Identifying a lock server controller for the data and transmitting a data write request message to the lock server controller and waiting for a response; And

If a response is received from the lock server controller, canceling the temporary buffer allocation and transmitting a write completion response to a host; controlling a distributed data sharing RAID control system through a multiple RAID controller .

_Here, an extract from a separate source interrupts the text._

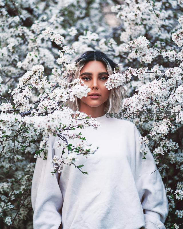 一位穿着宽松白色卫衣的女子站在盛放的樱花树前,繁密的白色花朵几乎将她环绕,营造出如梦似幻、充满诗意的春日人像画面。

Retrieving the lock information corresponding to the write request message when receiving a write request message for data managed by the other RAID controller;

If the corresponding lock information does not exist, allocating new lock information to store data related information, setting the write flag to 1, and taking write data from the buffer address of the other controller and storing the write data in a buffer of the write cache;

If the corresponding lock information exists, first checking the write flag, and if the write flag is 1, waiting until the current write is completed;

If the write flag is 0 and the share bit is also all 0, setting the write flag to 1 and overwriting new data with the existing data stored in the write cache;

If all share bits are non-zero, send a delete request message for the data to controllers corresponding to 1, and if the delete is completed, set the write flag to 1 and store write data from another controller in the write cache. ; And

And changing the write flag back to 0 when data writing is completed through each of the above steps.

In destaging the write cache, checking the write cache to determine whether the dirty block is above a certain level;

retrieving lock information corresponding to existing data and setting the share bit for itself of the lock information to 1 when the dirty block is above a certain level;

Allocating a cache buffer usable for the read cache;

Finding and changing the lock information if valid data is stored in the allocated read cache buffer; And

Exchanging the cache buffer of the allocated read cache tag with the write cache buffer destaged, and storing dirty data to a disk; controlling data sharing shared RAID control system through multiple RAID controllers Way.